Task to carry out -
Skip the pictures and write out, word for word, the lines below from the one with "在吉木乃縣萬駝園內(nèi)" through the one with "Stijlvolle huwelijkskaart met", inclusive.

____ Source data

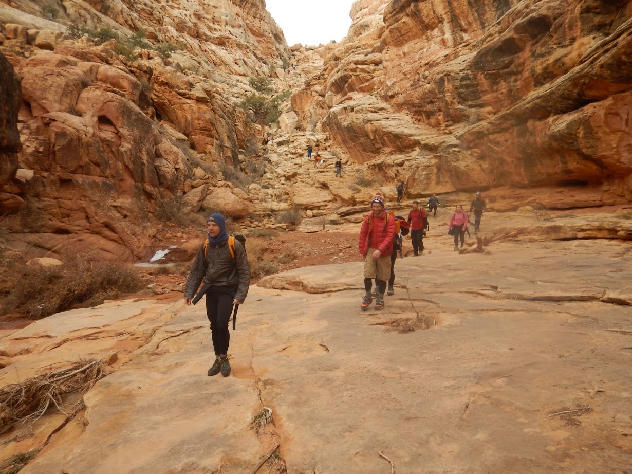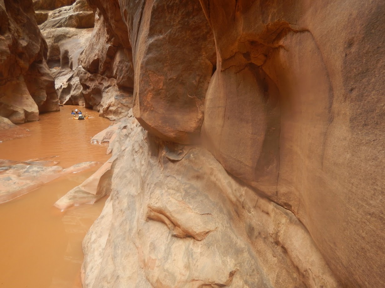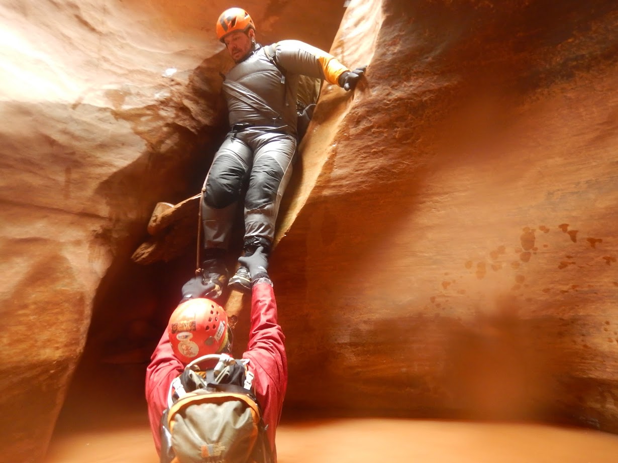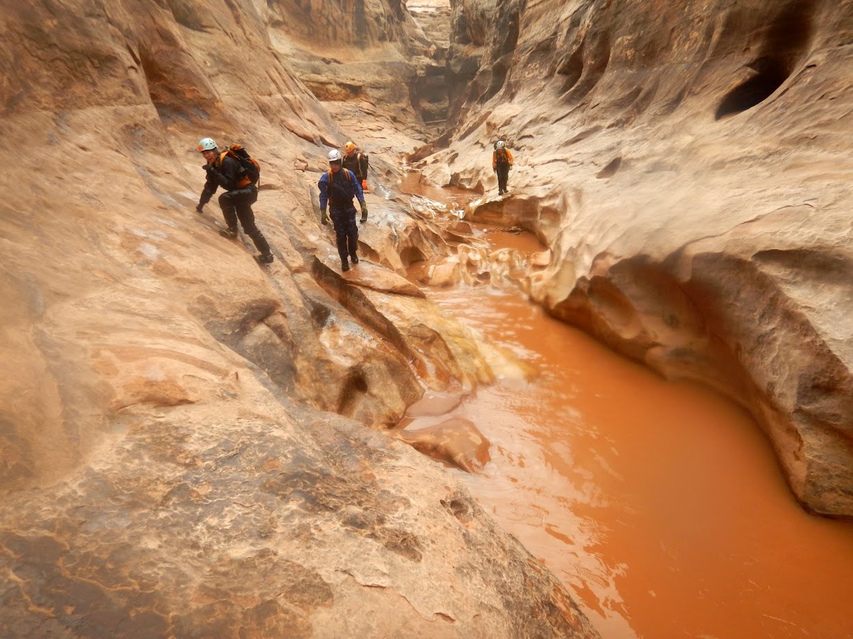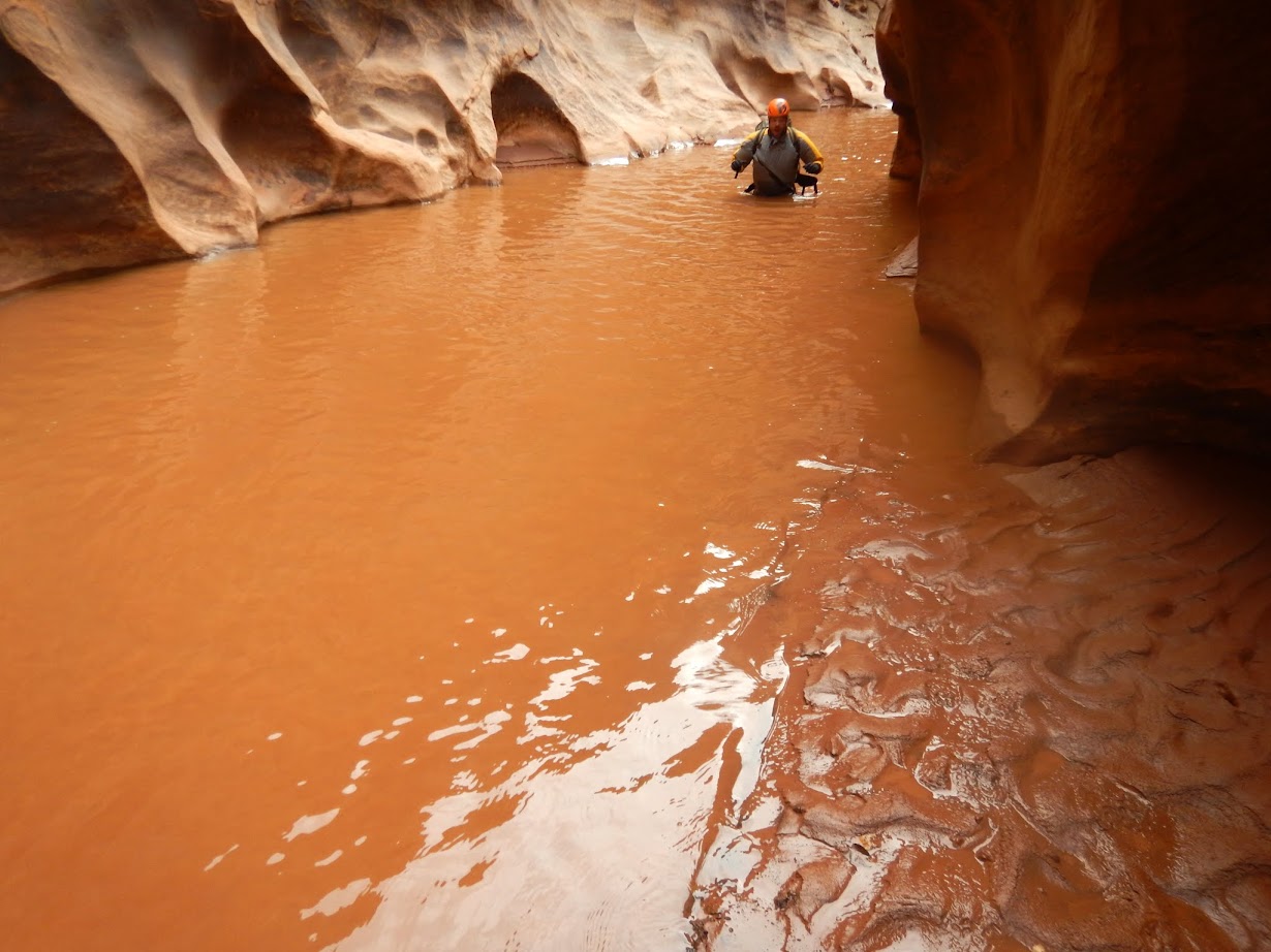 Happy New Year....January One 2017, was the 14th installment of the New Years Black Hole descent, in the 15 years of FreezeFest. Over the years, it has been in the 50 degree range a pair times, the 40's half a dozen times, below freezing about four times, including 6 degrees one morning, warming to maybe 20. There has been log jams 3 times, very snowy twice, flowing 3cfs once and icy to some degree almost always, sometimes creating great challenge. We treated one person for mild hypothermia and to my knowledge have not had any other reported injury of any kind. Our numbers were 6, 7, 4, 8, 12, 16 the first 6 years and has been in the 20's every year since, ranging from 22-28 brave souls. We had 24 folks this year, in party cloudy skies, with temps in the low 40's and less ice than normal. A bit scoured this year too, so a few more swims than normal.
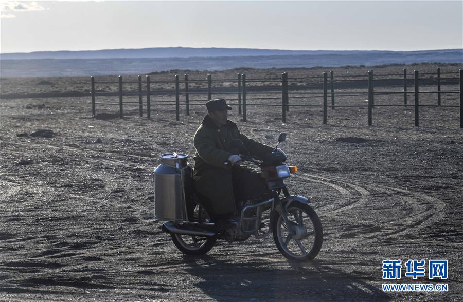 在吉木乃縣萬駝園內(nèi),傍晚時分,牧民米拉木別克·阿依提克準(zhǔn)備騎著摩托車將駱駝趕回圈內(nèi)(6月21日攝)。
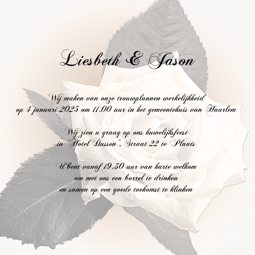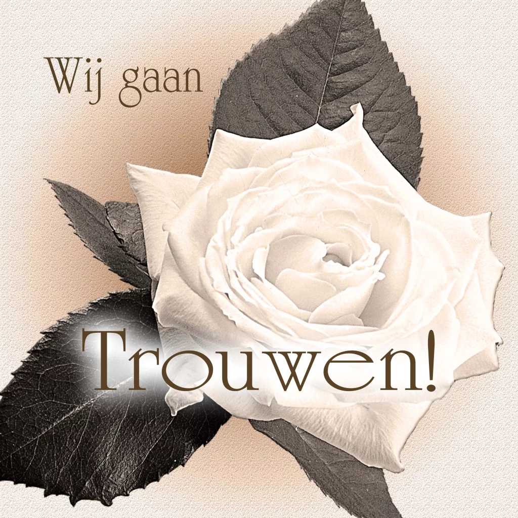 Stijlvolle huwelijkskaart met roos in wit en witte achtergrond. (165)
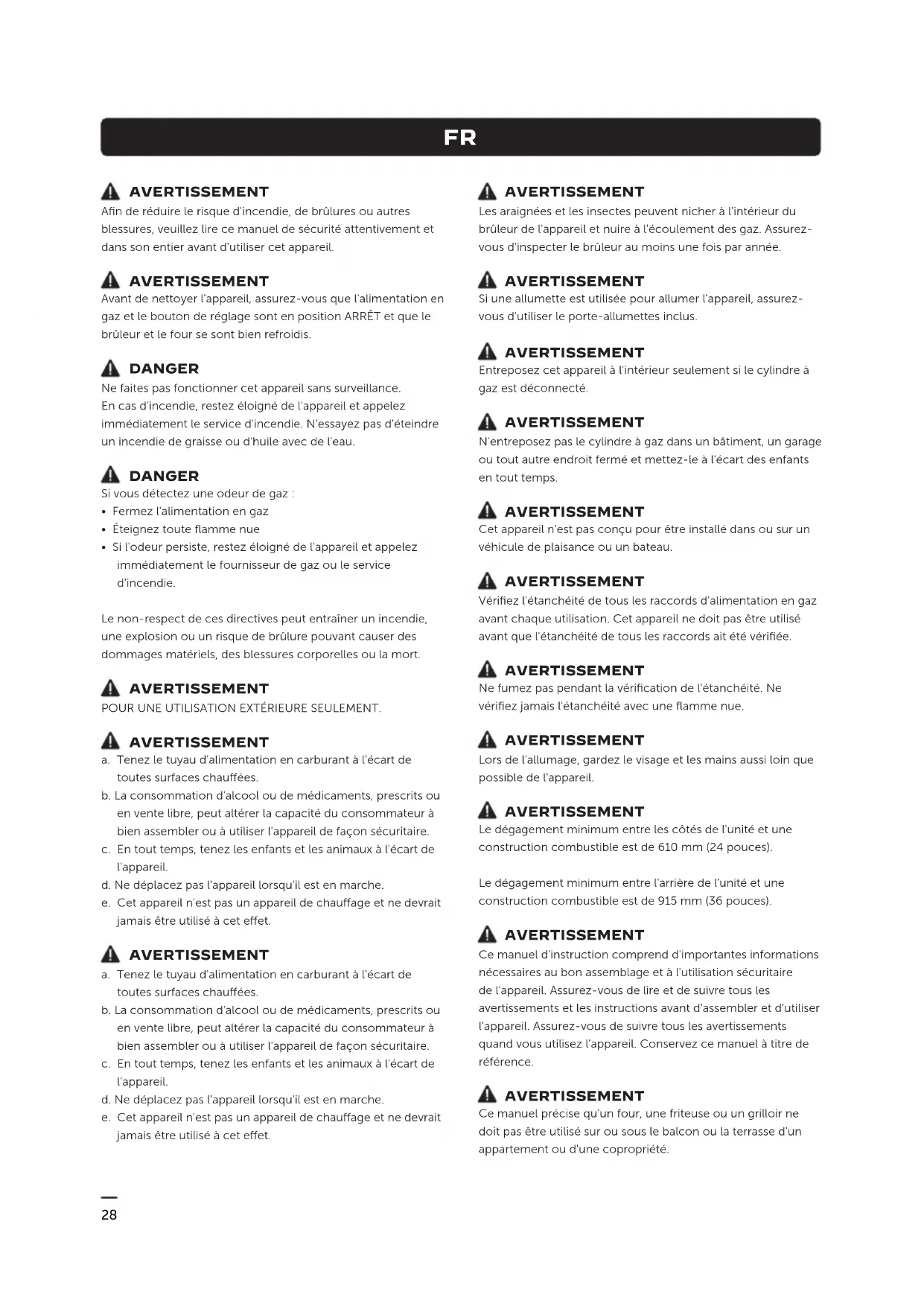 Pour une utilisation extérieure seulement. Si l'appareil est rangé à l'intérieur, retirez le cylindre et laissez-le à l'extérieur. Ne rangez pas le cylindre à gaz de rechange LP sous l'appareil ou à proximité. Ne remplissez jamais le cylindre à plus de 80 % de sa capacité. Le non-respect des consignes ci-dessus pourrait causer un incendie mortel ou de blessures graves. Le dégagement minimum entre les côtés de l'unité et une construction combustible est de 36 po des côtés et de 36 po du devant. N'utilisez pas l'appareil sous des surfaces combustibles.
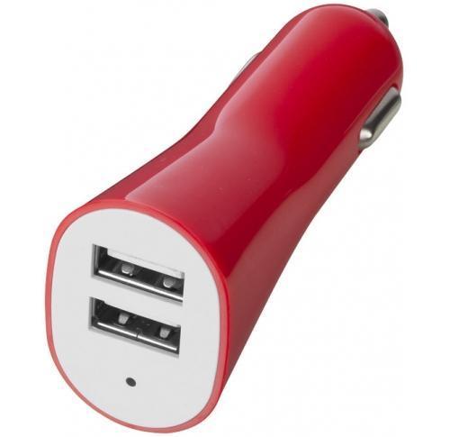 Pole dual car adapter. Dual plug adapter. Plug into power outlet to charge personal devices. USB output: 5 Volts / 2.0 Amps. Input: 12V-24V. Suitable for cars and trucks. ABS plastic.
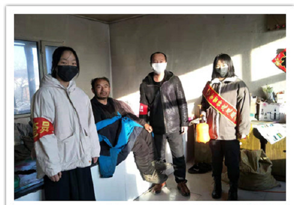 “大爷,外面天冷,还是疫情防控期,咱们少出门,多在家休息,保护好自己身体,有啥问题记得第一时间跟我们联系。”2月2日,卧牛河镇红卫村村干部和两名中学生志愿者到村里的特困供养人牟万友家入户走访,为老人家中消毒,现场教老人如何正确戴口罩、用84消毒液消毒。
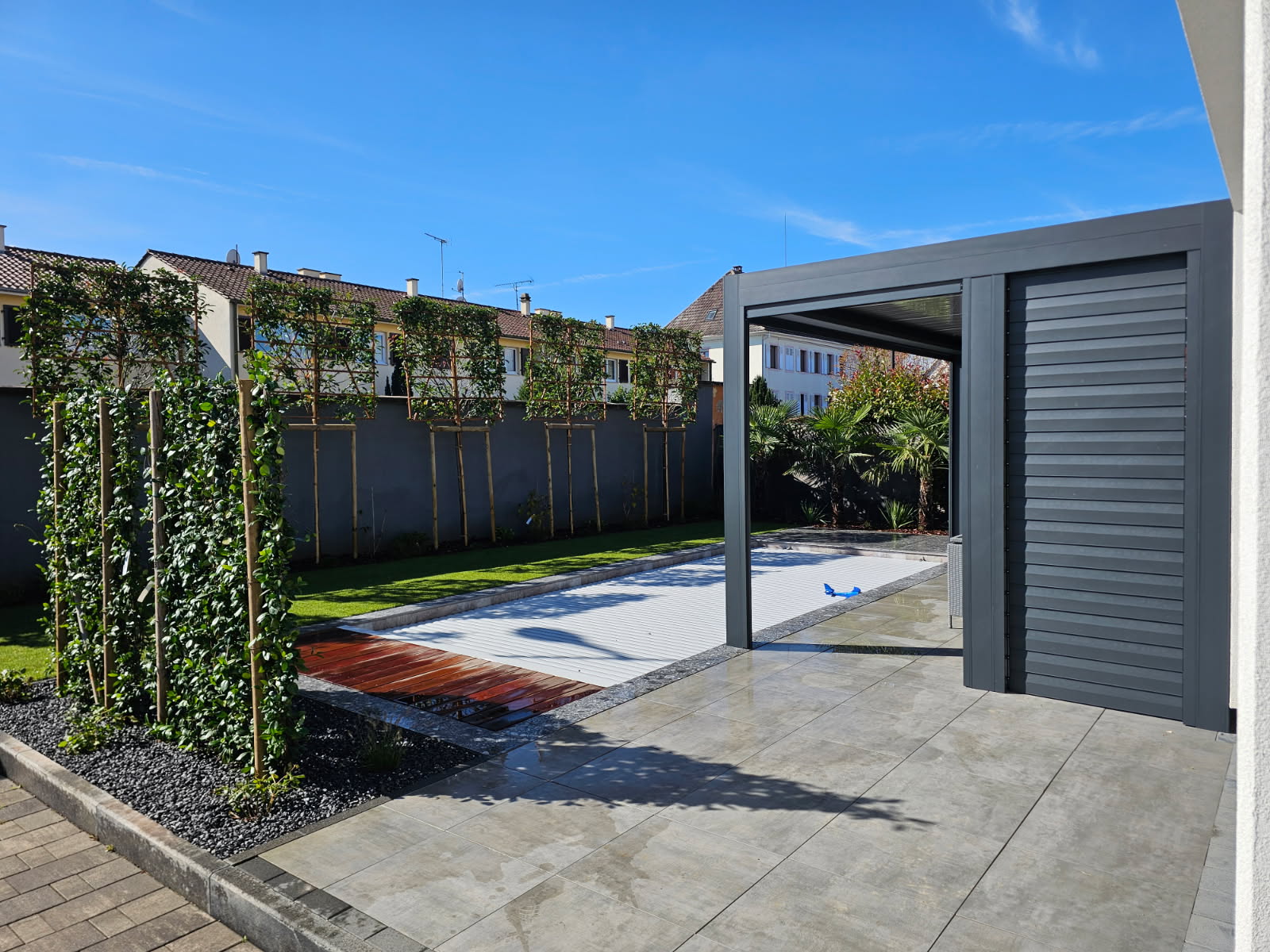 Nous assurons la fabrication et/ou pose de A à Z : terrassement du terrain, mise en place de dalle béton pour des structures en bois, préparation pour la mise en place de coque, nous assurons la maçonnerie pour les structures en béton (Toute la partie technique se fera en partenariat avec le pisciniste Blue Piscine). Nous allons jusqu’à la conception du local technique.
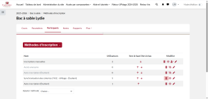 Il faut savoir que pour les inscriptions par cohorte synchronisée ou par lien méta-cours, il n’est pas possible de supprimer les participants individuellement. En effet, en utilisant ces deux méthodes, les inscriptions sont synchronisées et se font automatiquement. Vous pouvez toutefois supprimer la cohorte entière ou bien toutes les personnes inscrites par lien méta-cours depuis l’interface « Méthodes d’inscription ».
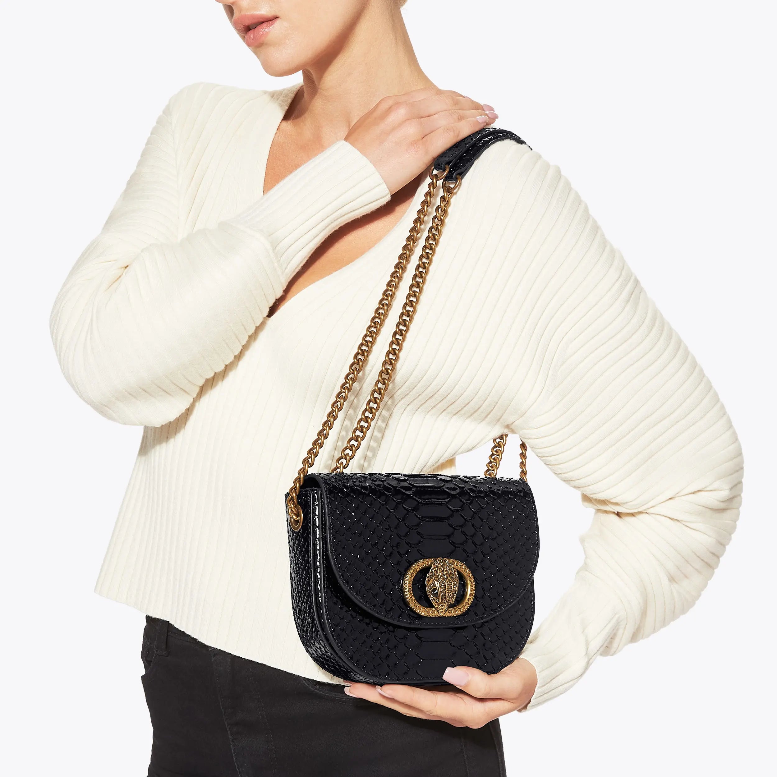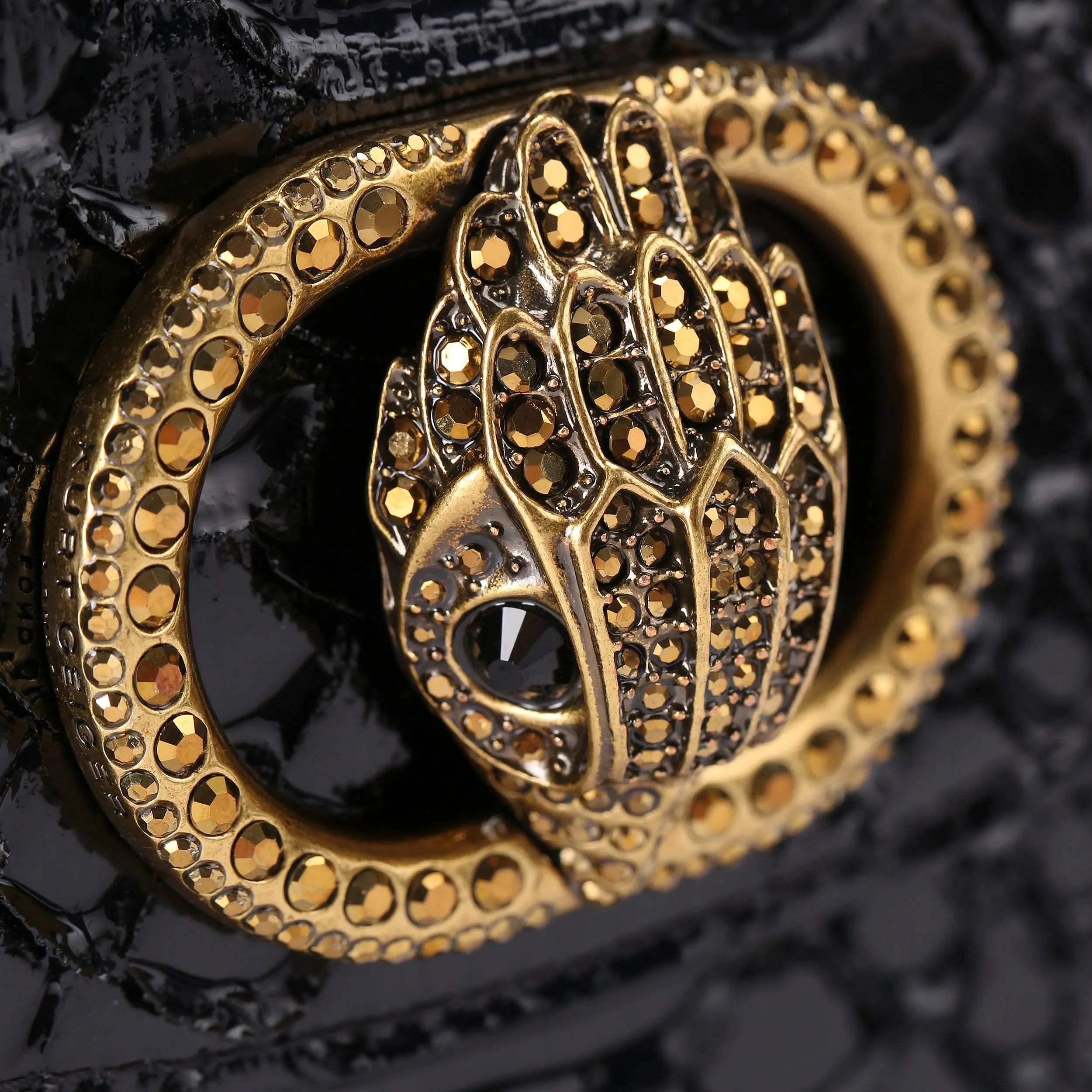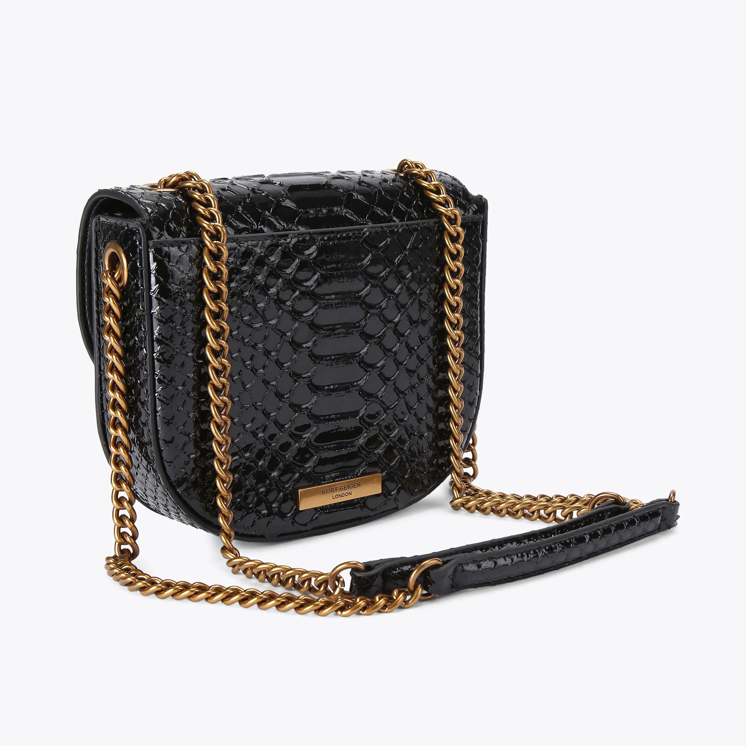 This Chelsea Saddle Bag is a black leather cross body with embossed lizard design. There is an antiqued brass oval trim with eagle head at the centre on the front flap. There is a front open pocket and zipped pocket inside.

________

Expected answer -
 在吉木乃縣萬駝園內(nèi),傍晚時分,牧民米拉木別克·阿依提克準(zhǔn)備騎著摩托車將駱駝趕回圈內(nèi)(6月21日攝)。
 Stijlvolle huwelijkskaart met roos in wit en witte achtergrond. (165)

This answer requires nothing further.